Search code examples
cgccesp32

Where and how is the accuracy lost by doing in C integer multiplication and division and storing the result in integer or float?


For a calculation in a C program, running on ESP32, I have to multiply and divide the following integers in the following way :

150 × 10000 ÷ 155 ÷ 138 × 100 ÷ 220 × 100 which produces 3100.000000 for a float variable and 3100 for a 32-bit unsigned integer.

I tried to test the result of the calculation on https://www.onlinegdb.com/ using the following code :

int main () {
    float calc = 150 * 10000 / 155 / 138 * 100 / 220 * 100 ;
    printf ( "calc = %f\n", calc ) ;    // 3100.000000

    uint32_t calc0 = 150 * 10000 / 155 / 138 * 100 / 220 * 100 ;
    printf ( "calc0 = %u\n", calc0 ) ;  // 3100
}

which again produces 3100.000000 for the float and 3100 for the 32-bit unsigned integer.

If I enter the same numbers in the calculator on my handy or laptop, the result is in both cases 3187,555782226.

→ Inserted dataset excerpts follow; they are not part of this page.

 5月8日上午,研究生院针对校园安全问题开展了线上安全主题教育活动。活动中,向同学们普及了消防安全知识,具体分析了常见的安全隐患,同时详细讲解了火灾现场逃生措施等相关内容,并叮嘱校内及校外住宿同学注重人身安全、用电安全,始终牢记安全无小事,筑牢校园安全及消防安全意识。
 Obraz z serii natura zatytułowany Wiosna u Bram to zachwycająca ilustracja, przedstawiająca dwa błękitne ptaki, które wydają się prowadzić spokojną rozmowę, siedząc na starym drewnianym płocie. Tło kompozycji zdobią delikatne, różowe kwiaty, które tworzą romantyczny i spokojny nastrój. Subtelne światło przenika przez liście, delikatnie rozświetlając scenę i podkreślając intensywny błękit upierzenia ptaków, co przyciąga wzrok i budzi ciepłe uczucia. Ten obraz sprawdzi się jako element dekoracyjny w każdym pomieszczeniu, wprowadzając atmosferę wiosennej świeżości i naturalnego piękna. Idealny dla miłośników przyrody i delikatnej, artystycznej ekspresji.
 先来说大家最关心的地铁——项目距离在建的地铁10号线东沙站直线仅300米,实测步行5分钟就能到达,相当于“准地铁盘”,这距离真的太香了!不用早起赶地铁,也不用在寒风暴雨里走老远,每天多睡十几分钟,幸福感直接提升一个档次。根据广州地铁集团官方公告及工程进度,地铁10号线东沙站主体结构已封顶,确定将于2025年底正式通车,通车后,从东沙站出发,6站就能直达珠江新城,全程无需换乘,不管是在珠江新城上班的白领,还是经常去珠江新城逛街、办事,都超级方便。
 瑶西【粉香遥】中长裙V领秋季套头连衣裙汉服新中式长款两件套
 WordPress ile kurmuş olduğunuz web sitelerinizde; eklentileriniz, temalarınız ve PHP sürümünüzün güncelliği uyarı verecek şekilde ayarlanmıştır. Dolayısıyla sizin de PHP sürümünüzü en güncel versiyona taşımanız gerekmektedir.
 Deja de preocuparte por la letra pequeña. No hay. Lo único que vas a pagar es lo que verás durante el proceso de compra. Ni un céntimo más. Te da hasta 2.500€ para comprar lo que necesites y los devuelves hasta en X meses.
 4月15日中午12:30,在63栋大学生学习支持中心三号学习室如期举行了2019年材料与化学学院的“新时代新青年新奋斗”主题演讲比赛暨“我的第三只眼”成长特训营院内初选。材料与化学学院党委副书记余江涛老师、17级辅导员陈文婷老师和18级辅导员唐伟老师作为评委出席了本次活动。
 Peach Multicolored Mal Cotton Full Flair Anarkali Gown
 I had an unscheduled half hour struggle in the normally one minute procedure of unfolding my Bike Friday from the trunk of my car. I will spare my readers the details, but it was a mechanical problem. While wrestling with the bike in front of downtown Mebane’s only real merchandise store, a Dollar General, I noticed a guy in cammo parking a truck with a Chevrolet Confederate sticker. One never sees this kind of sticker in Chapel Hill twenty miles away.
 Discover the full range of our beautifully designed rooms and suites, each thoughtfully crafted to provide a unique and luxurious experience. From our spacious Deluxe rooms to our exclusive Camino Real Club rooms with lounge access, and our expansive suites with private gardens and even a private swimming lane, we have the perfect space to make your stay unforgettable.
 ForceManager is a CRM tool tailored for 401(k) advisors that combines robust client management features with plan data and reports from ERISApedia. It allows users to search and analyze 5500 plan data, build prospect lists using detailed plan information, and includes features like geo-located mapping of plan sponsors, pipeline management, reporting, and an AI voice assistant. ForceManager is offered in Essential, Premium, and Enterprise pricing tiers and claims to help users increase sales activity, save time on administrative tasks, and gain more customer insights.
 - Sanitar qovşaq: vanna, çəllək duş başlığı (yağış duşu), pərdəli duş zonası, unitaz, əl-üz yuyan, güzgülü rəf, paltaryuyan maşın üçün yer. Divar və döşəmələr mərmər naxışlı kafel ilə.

So, I have an accuracy loss on the ESP32 of ( if I haven't messed up the formula ) ca. (3187−3100)÷3187×100 ~= 2,73 %

Where and how does the difference come from and is it possible to get the exact result on a 32-bit microcontroller as on the PC ?


Solution

  • You're not losing any precision on your calculator or mobile device. The precise result is 3187.5557822261889583067701... and your mobile device is approximating that quite accurately.

    The problem is that in the expression 150 * 10000 / 155 / 138 * 100 / 220 * 100, all multiplications and divisions are between integers. Even if you use this expression to initialize a float, it's too late then; the precision is already lost.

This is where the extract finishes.